> Problem
Keep the pictures out, and restate the listing that follows exactly as written.

> Data for this task
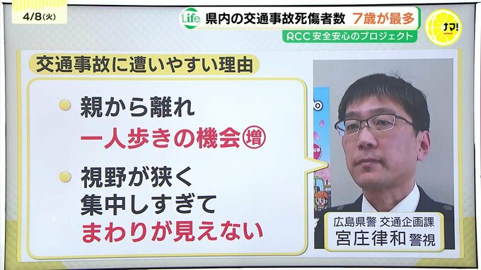 広島県警交通企画課の宮庄律和警視によりますと、小学生になりたての子どもたちが、交通事故に遭いやすい理由として以下の2点があげられるといいます。
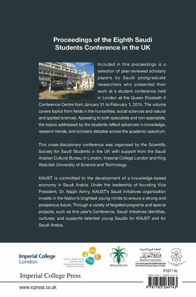 Included in this proceedings is a selection of peer-reviewed scholarly papers by Saudi postgraduate researchers who presented their work at a student conference held in London at the Queen Elizabeth II Conference Centre from January 31 to February 1, 2015. The volume covers topics from fields in the humanities, social sciences and natural and applied sciences. Appealing to both specialists and non-specialists, the topics addressed by the students reflect advances in knowledge, research trends, and scholarly debates across the academic spectrum. This cross-disciplinary conference was organised by the Scientific Society for Saudi Students in the UK with support from the Saudi Arabian Cultural Bureau in London, Imperial College London and King Abdullah University of Science and Technology. KAUST is committed to the development of a knowledge-based economy in Saudi Arabia. Under the leadership of founding Vice President, Dr Najah Ashry, KAUST's Saudi Initiatives organization invests in the Nation's brightest young minds to ensure a strong and prosperous future. Through a variety of targeted programs and special projects, such as this year's Conference, Saudi Initiatives identifies, nurtures, and supports talented young Saudis for KAUST and for Saudi Arabia.
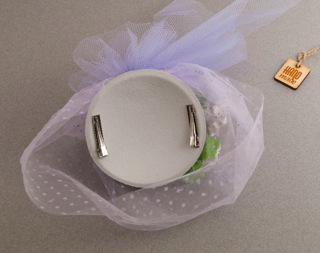 Весільні аксесуари: Вуалетка "Щаслива" легка, як мрія, і повітряна, як хмара. Якщо у Вас тематичне весілля в стилі — бузкова, вінтаж, гламур, ретро, романтик..., тоді пропонуємо звернути увагу на такий аксесуар, як вуалетка. Наречена в вуалетці має таємничий, витончений та романтичний вигляд. Вуалетка прикрашена найніжнішою гілочкою квітучої троянди сліпленою вручну з полімерної глини, дуже легка, кріпиться за допомогою затискача та розташовується комфортно, вуаль припускається на будь-яку довжину. У ніжних бузкових хмарах вуалі та квітучих троянд має ніжніший та дуже елегантніший вигляд!
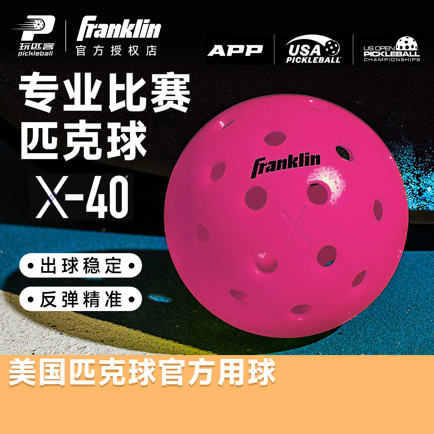 📚 Franklin匹克球40孔滚塑球X40比赛专用匹克球赛事球USAPA认证指定
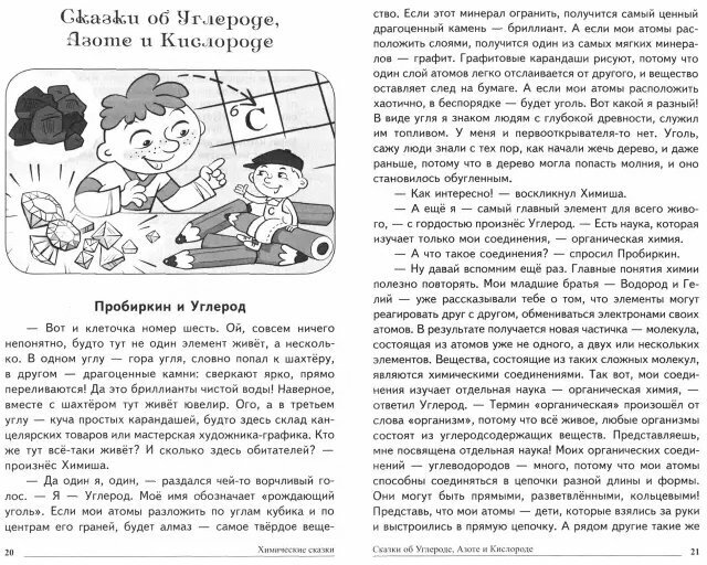 В книге представлены авторские сказки, рассказы и стихотворения о химических элементах, способствующие пробуждению познавательного интереса, любознательности, развитию фантазии, логического мышления и памяти.
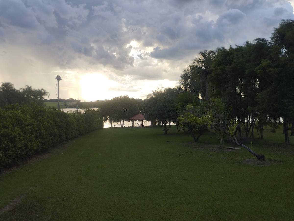 Distant 15 miles from Penápolis, picturesque city in the interior of SP (heading for S. J. of Rio Preto) with a privileged view, ideal for outdoor activities, sports, barbecues, fishing, rest and leisure. Perfect for couples, families or groups (and pets). The house is simple and cozy, has a very wide exterior balcony with barbecue and relaxing hammocks, and in the inner part the house has comfortable room with TV and air-conditioning, 4 bedrooms with air-conditioning, and 3 bathrooms.
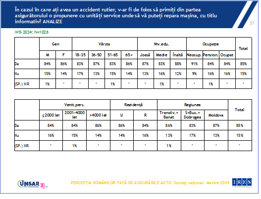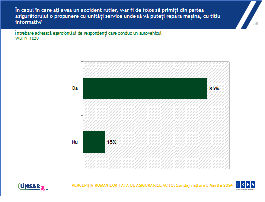 Astfel, întrebați dacă le-ar fi de folos, în cazul în care ar avea un accident rutier, să primească din partea asigurătorului o propunere, cu titlu informativ, cu unități service unde să își poată repara mașina, 85% dintre respondenți au răspuns afirmativ. Cercetarea sociologică a fost realizată de IRES, la solicitarea UNSAR, în primul trimestru al acestui an, pe un eșantion reprezentativ de 1.028 de respondenți, cu vârste de peste 18 ani, care conduc un autovehicul.
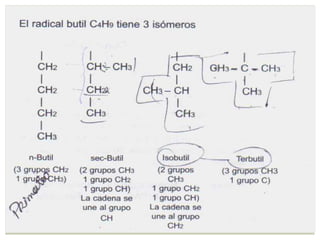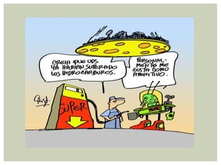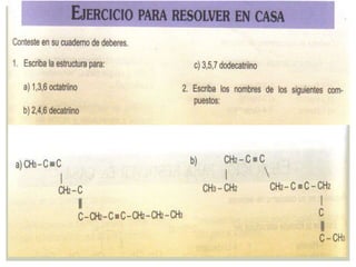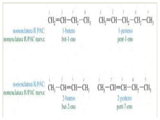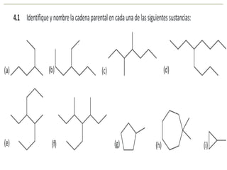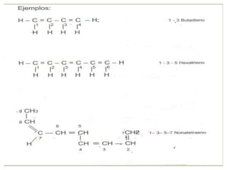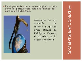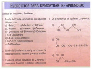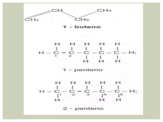Este documento proporciona información sobre los hidrocarburos. Los hidrocarburos son compuestos orgánicos formados solo por carbono e hidrógeno. Incluye alcanos, alquenos y alquinos. Los alcanos son hidrocarburos saturados cuya fórmula general es CnH2n+2. Los alquenos contienen uno o más enlaces dobles C=C y tienen la fórmula CnH2n. Los alquinos tienen un triple enlace C≡C y fórmula CnH2n-2.

> Output below
 広島県警交通企画課の宮庄律和警視によりますと、小学生になりたての子どもたちが、交通事故に遭いやすい理由として以下の2点があげられるといいます。
 Included in this proceedings is a selection of peer-reviewed scholarly papers by Saudi postgraduate researchers who presented their work at a student conference held in London at the Queen Elizabeth II Conference Centre from January 31 to February 1, 2015. The volume covers topics from fields in the humanities, social sciences and natural and applied sciences. Appealing to both specialists and non-specialists, the topics addressed by the students reflect advances in knowledge, research trends, and scholarly debates across the academic spectrum. This cross-disciplinary conference was organised by the Scientific Society for Saudi Students in the UK with support from the Saudi Arabian Cultural Bureau in London, Imperial College London and King Abdullah University of Science and Technology. KAUST is committed to the development of a knowledge-based economy in Saudi Arabia. Under the leadership of founding Vice President, Dr Najah Ashry, KAUST's Saudi Initiatives organization invests in the Nation's brightest young minds to ensure a strong and prosperous future. Through a variety of targeted programs and special projects, such as this year's Conference, Saudi Initiatives identifies, nurtures, and supports talented young Saudis for KAUST and for Saudi Arabia.
 Весільні аксесуари: Вуалетка "Щаслива" легка, як мрія, і повітряна, як хмара. Якщо у Вас тематичне весілля в стилі — бузкова, вінтаж, гламур, ретро, романтик..., тоді пропонуємо звернути увагу на такий аксесуар, як вуалетка. Наречена в вуалетці має таємничий, витончений та романтичний вигляд. Вуалетка прикрашена найніжнішою гілочкою квітучої троянди сліпленою вручну з полімерної глини, дуже легка, кріпиться за допомогою затискача та розташовується комфортно, вуаль припускається на будь-яку довжину. У ніжних бузкових хмарах вуалі та квітучих троянд має ніжніший та дуже елегантніший вигляд!
 📚 Franklin匹克球40孔滚塑球X40比赛专用匹克球赛事球USAPA认证指定
 В книге представлены авторские сказки, рассказы и стихотворения о химических элементах, способствующие пробуждению познавательного интереса, любознательности, развитию фантазии, логического мышления и памяти.
 Distant 15 miles from Penápolis, picturesque city in the interior of SP (heading for S. J. of Rio Preto) with a privileged view, ideal for outdoor activities, sports, barbecues, fishing, rest and leisure. Perfect for couples, families or groups (and pets). The house is simple and cozy, has a very wide exterior balcony with barbecue and relaxing hammocks, and in the inner part the house has comfortable room with TV and air-conditioning, 4 bedrooms with air-conditioning, and 3 bathrooms.
 Astfel, întrebați dacă le-ar fi de folos, în cazul în care ar avea un accident rutier, să primească din partea asigurătorului o propunere, cu titlu informativ, cu unități service unde să își poată repara mașina, 85% dintre respondenți au răspuns afirmativ. Cercetarea sociologică a fost realizată de IRES, la solicitarea UNSAR, în primul trimestru al acestui an, pe un eșantion reprezentativ de 1.028 de respondenți, cu vârste de peste 18 ani, care conduc un autovehicul.
Este documento proporciona información sobre los hidrocarburos. Los hidrocarburos son compuestos orgánicos formados solo por carbono e hidrógeno. Incluye alcanos, alquenos y alquinos. Los alcanos son hidrocarburos saturados cuya fórmula general es CnH2n+2. Los alquenos contienen uno o más enlaces dobles C=C y tienen la fórmula CnH2n. Los alquinos tienen un triple enlace C≡C y fórmula CnH2n-2.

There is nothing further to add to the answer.